Ольга Каменкова тоже училась у него и, как многие девчонки, была влюблена в педагога. Поступила в Литературный институт и во время войны, в 44-м, пришла как-то к Семёну Абрамовичу за книгами, которые он давал ученикам. Начался комендантский час, маме пришлось остаться, тогда между ними всё и произошло. Вскоре Оля поняла, что беременна, и, никому ничего не сказав – матери она попросту боялась, – уехала в Алушту и устроилась там пионервожатой.

Не так давно я была на гастролях в Крыму и, когда все собирались уезжать, сказала, что останусь, сама не зная почему. Сняла комнату, отправилась гулять по городу и вспомнила, что в 45-м двадцатилетняя мама, беременная, одинокая, полуголодная, ходила по этим улицам. Она родила дочь, которую назвала тоже Олей. Кто-то из одноклассников случайно встретил маму и, вернувшись в Москву, рассказал папе: «Представляете, какая-то сволочь сделала Ольге ребёнка!» Папа всё подсчитал, всё понял, поехал за мамой и привёз её с дочерью к себе.

Его вела любовь?

– Не знаю. Думаю, просто поступил как порядочный человек, чувства с его стороны вряд ли присутствовали. А мама, талантливая, красивая – свет, а не женщина! – отца обожала. Она тянула дом, занималась детьми, трудилась на двух работах – преподавала в школе. Думаю, и надорвалась из-за стремления быть рядом с любимым, оставаться нужной ему. Папа, как рассказывала сестра, – она была на восемь лет старше и потому гораздо больше помнила – довольно прохладно относился к маминой самоотдаче. Когда его не стало, мы с Ольгой обнаружили переписку родителей, которую они вели, пока я снималась в своём первом фильме и мы с мамой год жили вдали от дома. Сестру, человека сдержанного, я видела плачущей дважды в жизни, и один из них – за чтением тех листков. Глядя на неё, я тоже расплакалась. «Всё, – сказала Оля, – больше не могу». Мы распили бутылку коньяка, собрали письма и сожгли. В этих письмах мама вся была устремлена навстречу отцу, а он отшучивался, поучал её, высказывал недовольство.      

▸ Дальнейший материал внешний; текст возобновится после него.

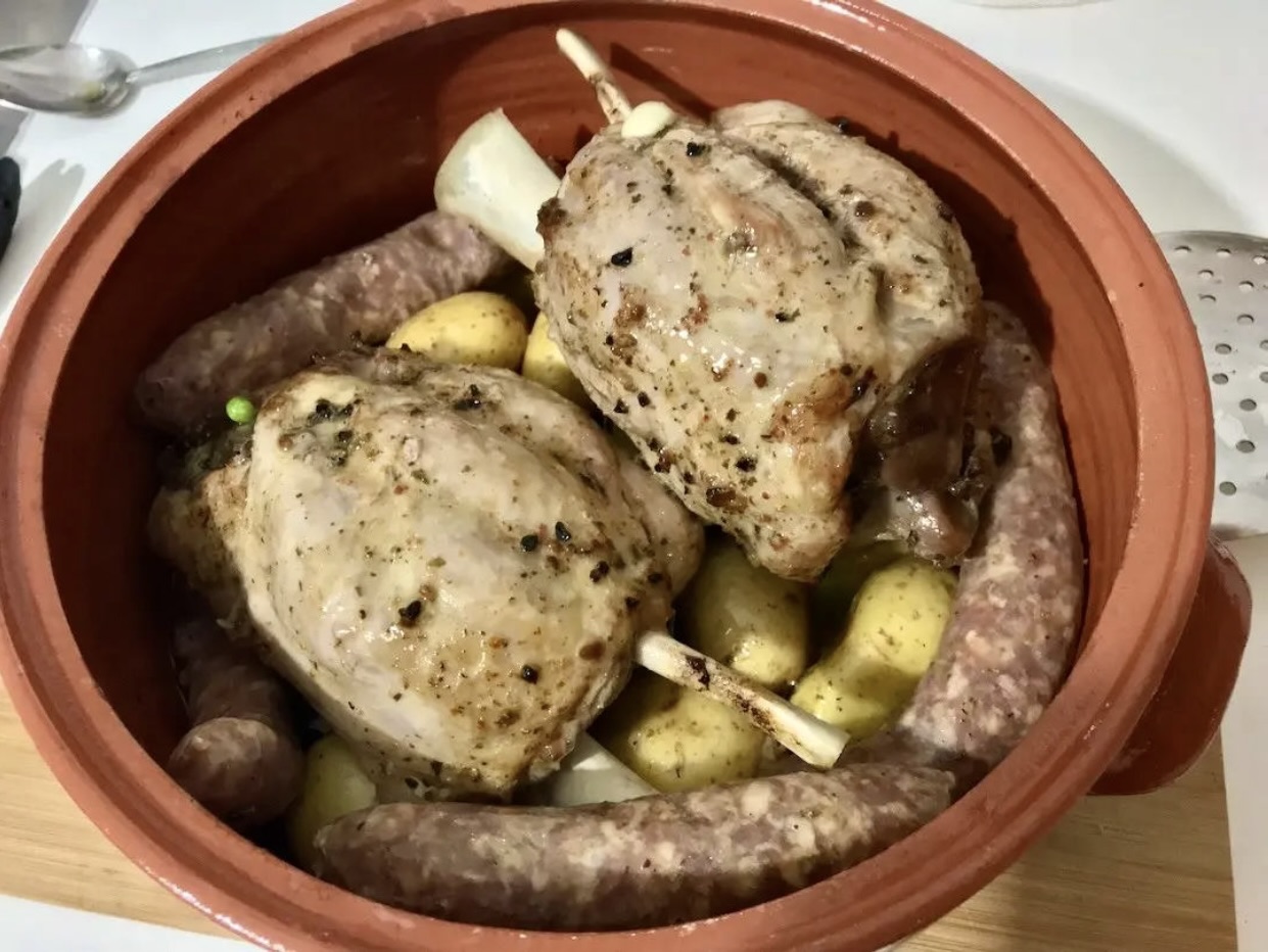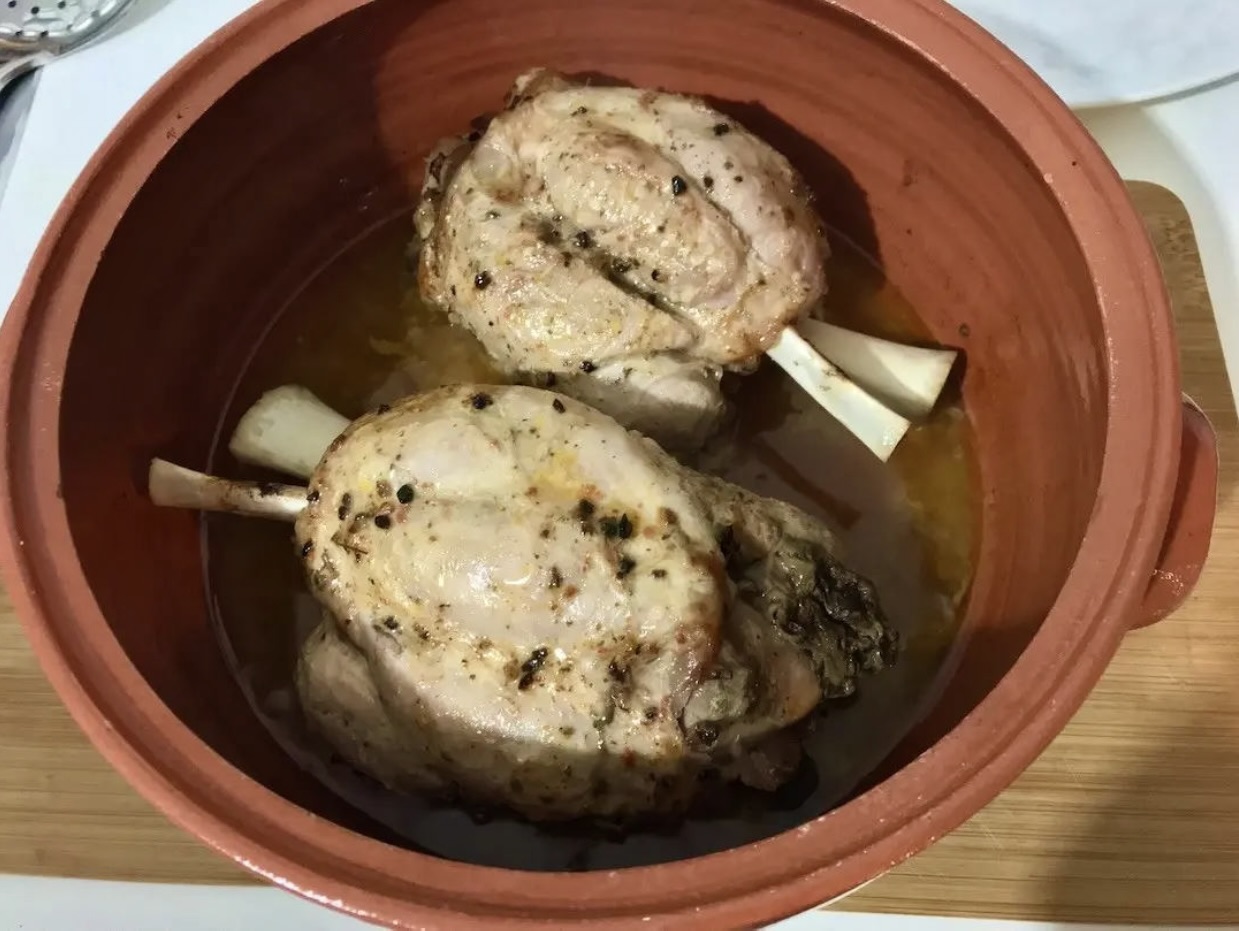 Po 1,5 h wyjmij naczynie, przełóż na chwilę golonkę na talerz.
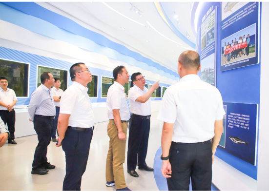 郑海涛一行参观了我校水生生物博物馆海洋牧场展厅,深入了解我校现代化海洋牧场全产业链创新的科研成果。
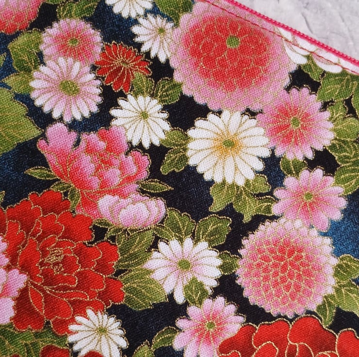 A very pretty zip top storage bag in a lovely Japanese style print of paeonies, chrysanthemums and daisies, in shades of red, pink and white, with green leaves and metallic gold highlights.
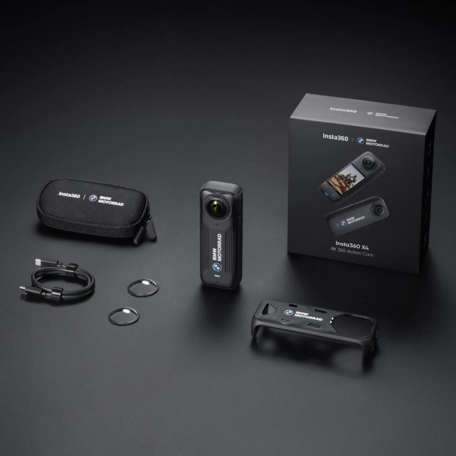 Limited BMW edition Insta360 X4 360° action camera with 1/2'' sensor. 360° video resolution is 8K / 30fps, up to 100 fps at 4K. Photo resolution up to 72Mpx. High quality rugged construction, large 2.5" touch screen, waterproof to 10m. Effective FlowState stabilization with 6-axis gyroscope. New battery with large 2290 mAh capacity. Gesture control, voice control 2.0. Video modes Video, Active HDR, Timelapse, TimeShift, Bullet Time, Loop Recording, Pre-recording. Camera size: 46 x 123.6 x 37.6mm
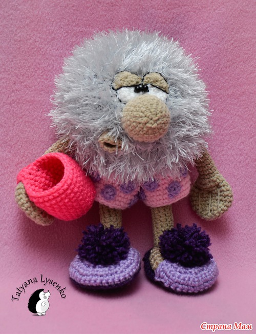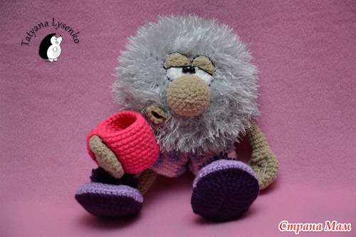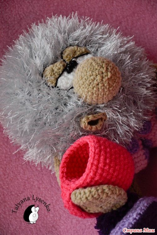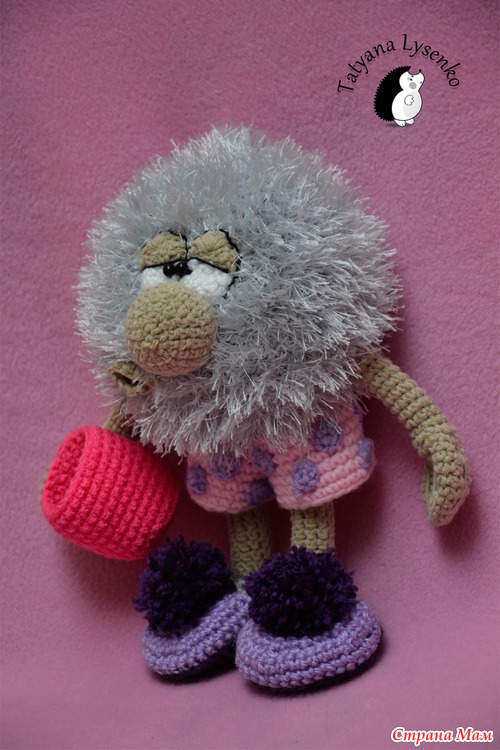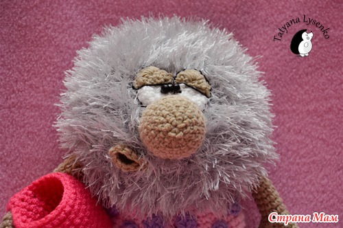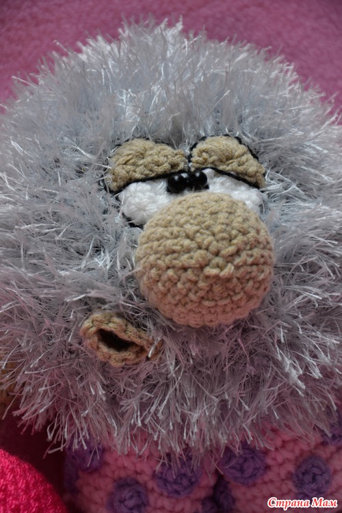 Ну очень уж напоминает мне всех своих знакомых после длительных новогодних праздников, поэтому и связала его на одном дыхании, хотелось как можно скорее повеселить всех такой смешной мордашкой.
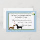 Cute dogs wedding response RSVP card done in white, with adorable silhouette graphics of a brown and a black dachshund kissing, in the bottom left corner. A light blue and green frame surrounds the outer edge, with a single white daisy in the upper right corner. Customise the fun curly text to suit your needs.
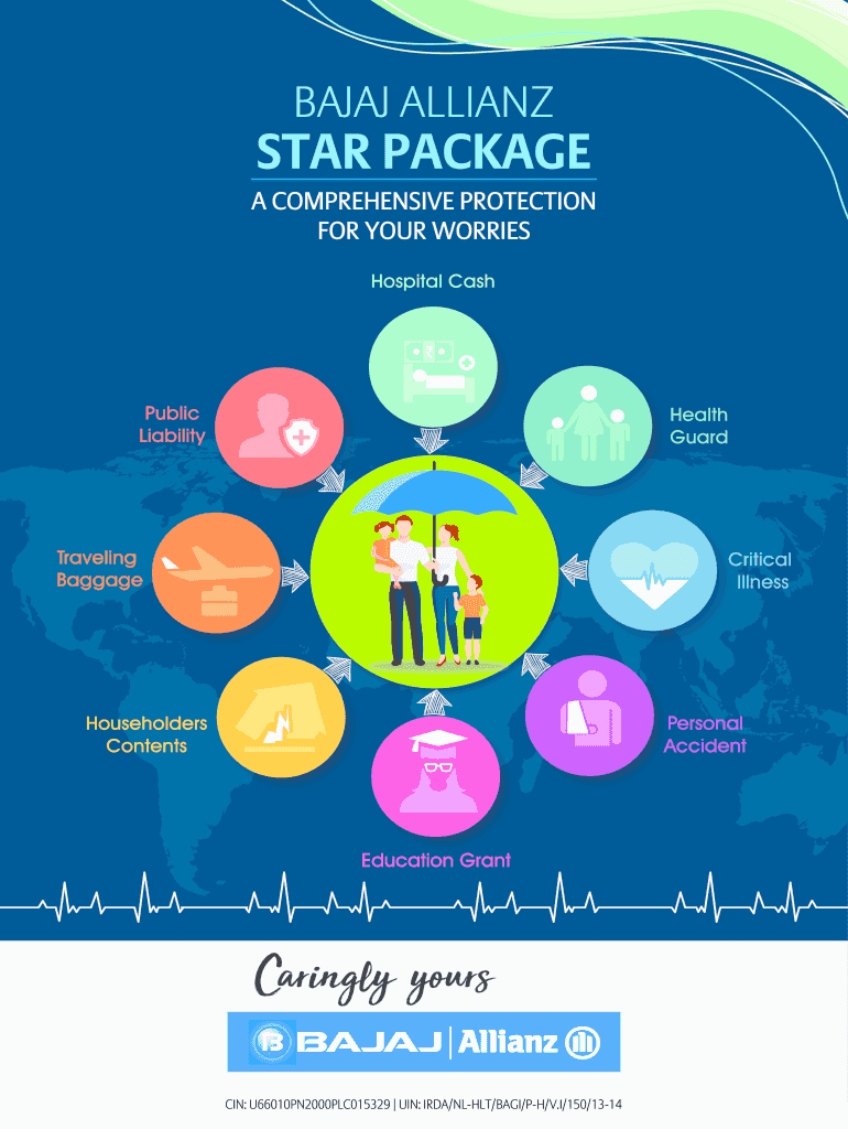 BAJAJ ALLIANZSTAR PACKAGE A COMPREHENSIVE PROTECTION FOR YOUR WORRIES Hospital CashPublic LiabilityHealth GuardTraveling BaggageCritical IllnessPersonal AccidentHouseholders ContentsEducation Granting:
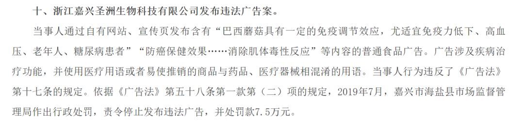 2019年,浙江嘉兴圣洲生物科技有限公司因发布涉及疾病治疗功能、使用医疗用语的普通食品广告“巴西蘑菇”,被罚款7.5万元。
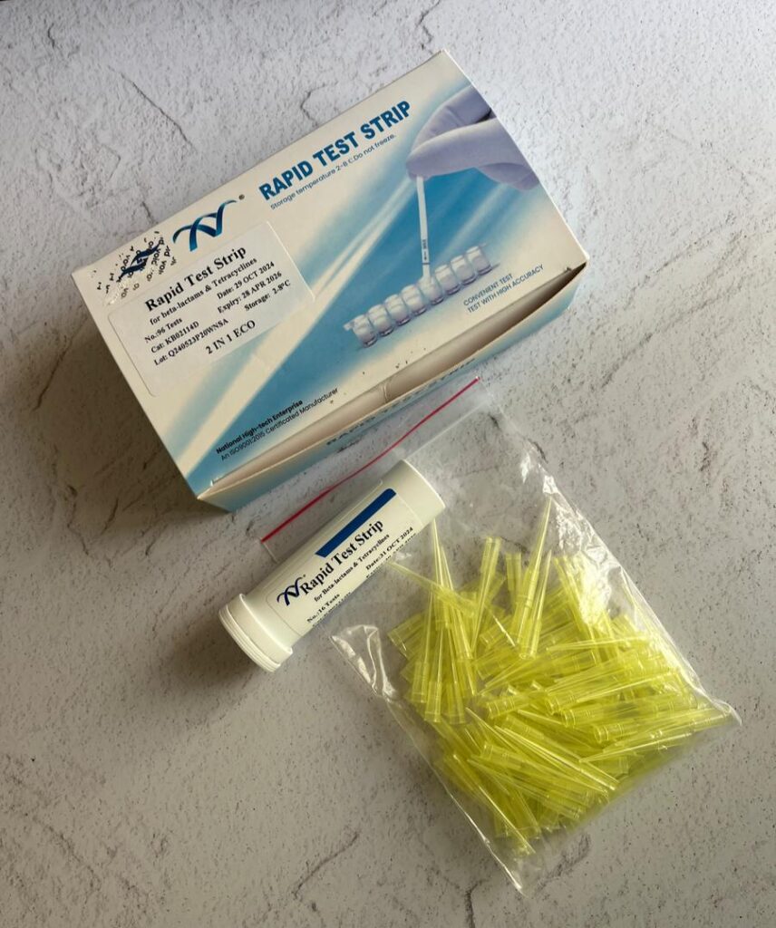 3 مقدار 222 میکرو لیتر از شیر مورد نظر را درون ویال ریخته و حداقل 5 بار مرتب اا هم بزنید تا نمونه با معرف موجود
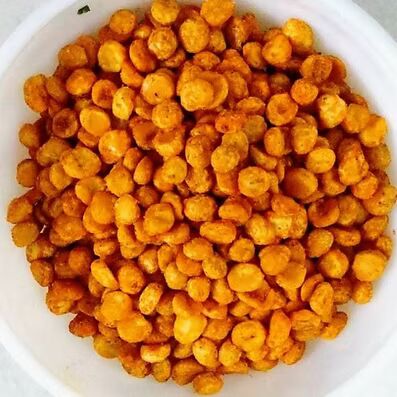 Bitter gourd fried deeply with Edible Oil, added with Salt, Spices and Condiments.
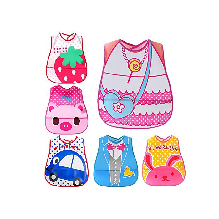 √베이비 식사용 방수 에이프런입니다.사내 아이용,소녀용 공6점 세트.대상 연령0.5~4세
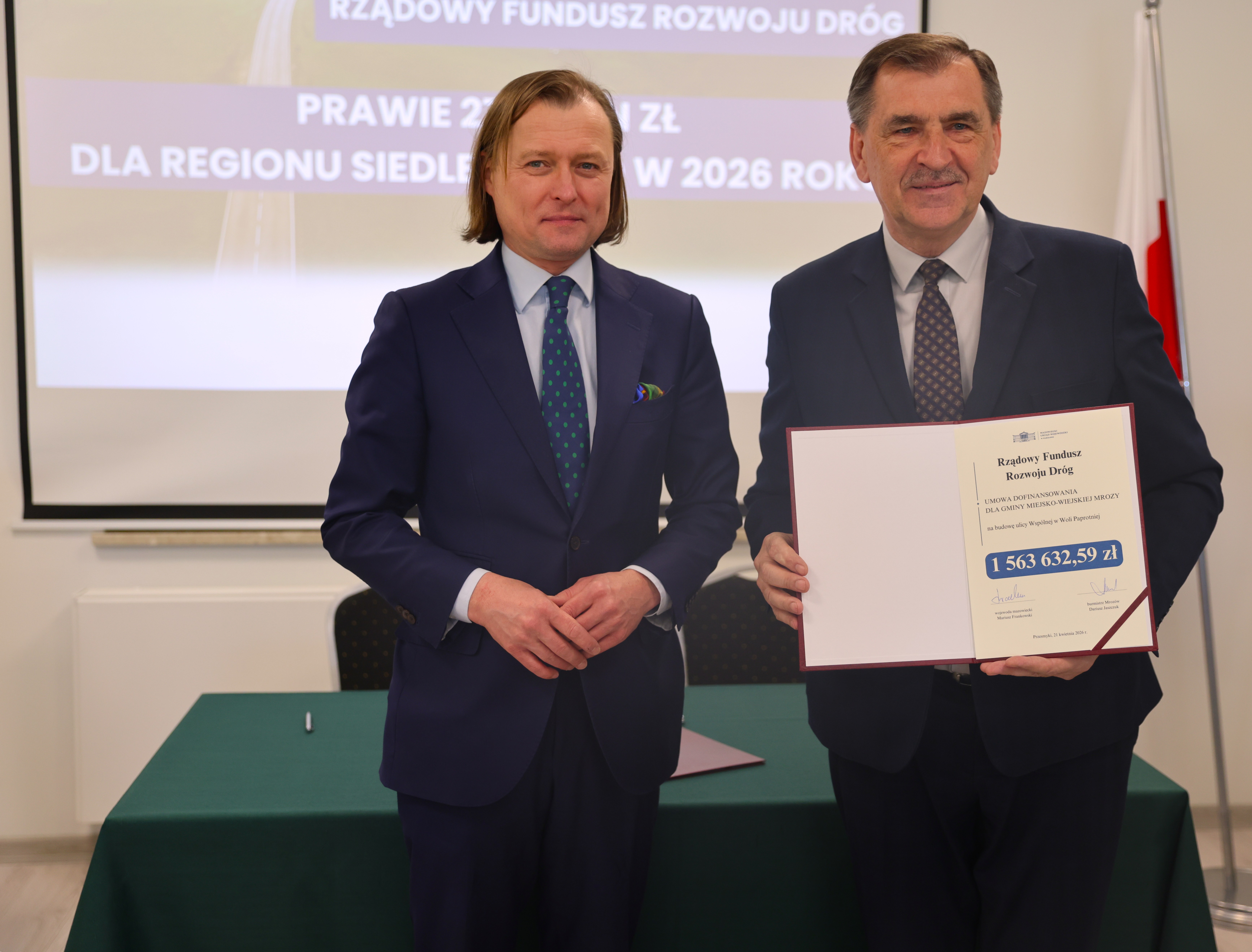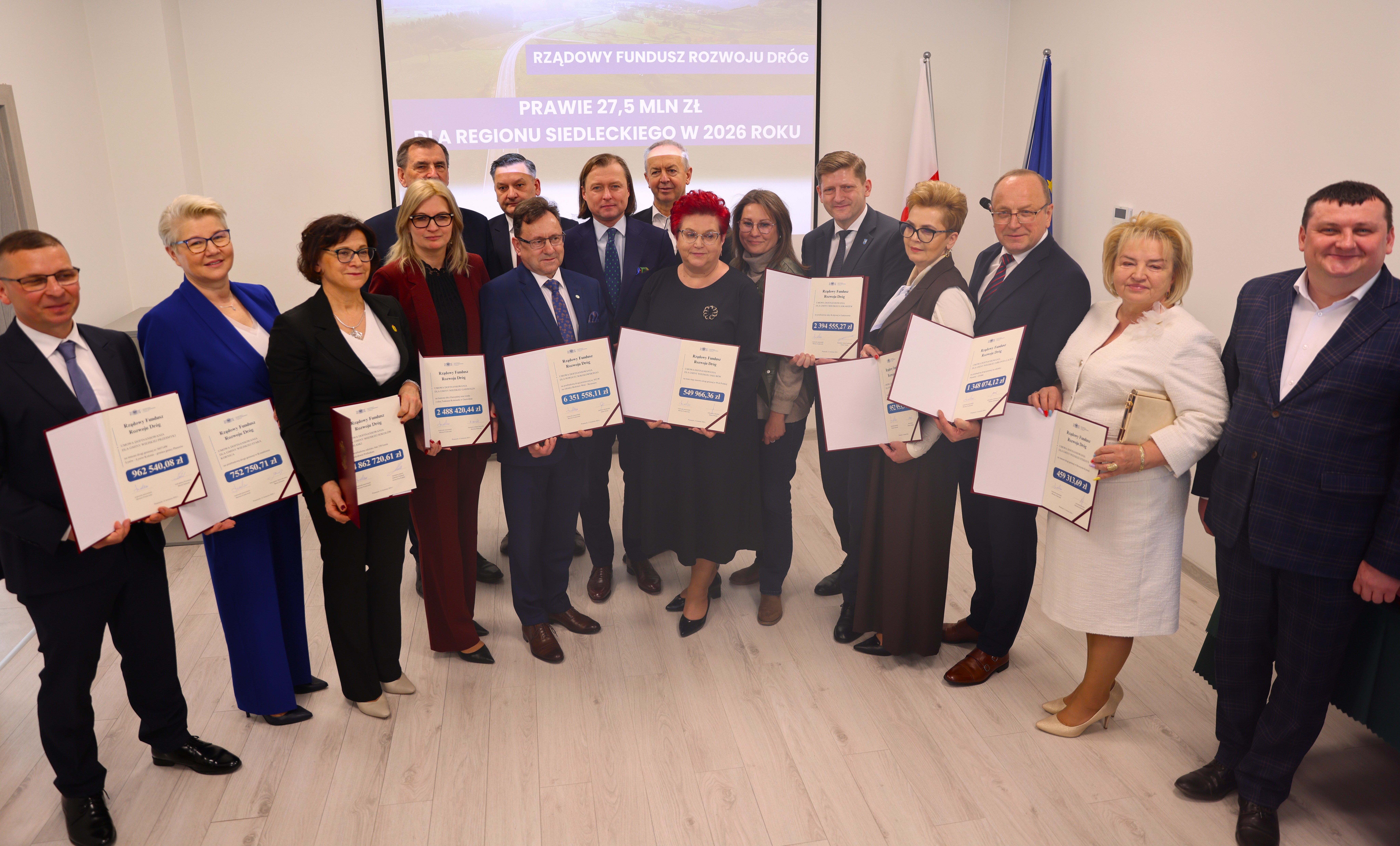 Samorządy z regionu siedleckiego pozyskały prawie 24 mln zł na rozwój lokalnej infrastruktury drogowej. Wojewoda mazowiecki podpisał z samorządowcami 12 umów w ramach Rządowego Funduszu Rozwoju Dróg. Dzięki tym środkom zrealizowane zostaną inwestycje obejmujące budowę, przebudowę oraz remonty dróg lokalnych. To konkretne działania, które przełożą się na większe bezpieczeństwo w ruchu drogowym oraz poprawę komfortu codziennego przemieszczania się mieszkańców.
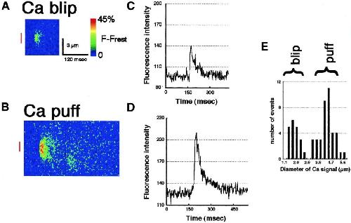 Fig. 3. Line-scan images of Ca blips and puffs that were induced by the injection of 3FIP3 detected in the animal hemisphere. (A and B) Pseudocolor representations of local increase of free [Ca2+]i at a single Ca blip (A) and puff (B) recorded by confocal line-scanning. The changes of fluorescence intensity every 3 ms on a line at a fixed position is depicted. The abscissa represents the time and ordinate represents scale (μm). The traces in C and D show the fluorescence intensities monitored across the area indicated by red bars in A and B, respectively. Note that the signal in A is well distinguished from the background noise. Diameters, durations, and total signal masses are significantly different between Ca blips and Ca puffs. (E) A histogram showing the size distribution of Ca signal events. The half-maximal diameters of 59 Ca signals obtained from 8 eggs were measured. There are two groups of signals observed with different half-maximal diameters. The averages of the half-maximal diameters are 1.8 ± 0.45 μm in the left group (Ca blips) and 4.3 ± 0.65 μm in the right group (Ca puffs). |

Настоящая душевная близость между ними возникла, когда у мамы обнаружили рак. Папа один ухаживал за ней, устроил в больницу, сидел рядом и годы спустя вспоминал, что это были их лучшие месяцы: «Мы разговаривали». Тогда, мне кажется, он маму любил и понимал, кого теряет.

После её ухода Оля, которая была очень близка с мамой, не могла найти общего языка с отцом и вскоре переехала к бабушке. Изредка мы с ней встречались, отношения сохранялись тёплыми, но не более. Это по прошествии лет муж сестры заново свёл нас, и Ольга сокрушалась: «Как я могла тебя бросить?!» Но я говорила ей, что никто ни в чём не виноват. Юность, работа в молодёжной редакции телевидения, компании сверстников, романы – неужели лучше бы она отказалась от своей жизни и занималась мной?..

В общем, мы с папой стали жить вдвоём. Девятилетняя девочка – и взрослый, погружённый в свою профессию мужчина, который оказался совершенно не готов к тому, что выпало на его долю. Однако он не отдал меня бабушкам и тётушкам, и в детский дом тоже, хотя ему было безумно тяжело. Училась я на тройки – хорошо, что не в папиной школе, – после уроков бежала в кино, потом ещё до ночи болталась по дворам. Попробуй угомони такую, тем более что отец целыми днями работал. Но водил меня в театры, в консерваторию, на вечера в Дом учителя. В бытовых же вопросах ничего не понимал: наступала зима, а я продолжала ходить чуть ли не в сандалиях. Однажды, лет в четырнадцать, когда собирались в «Современник», я взбунтовалась: «У меня нет чулок!» «И ты из-за этого не пойдёшь в театр?» – «Не пойду!»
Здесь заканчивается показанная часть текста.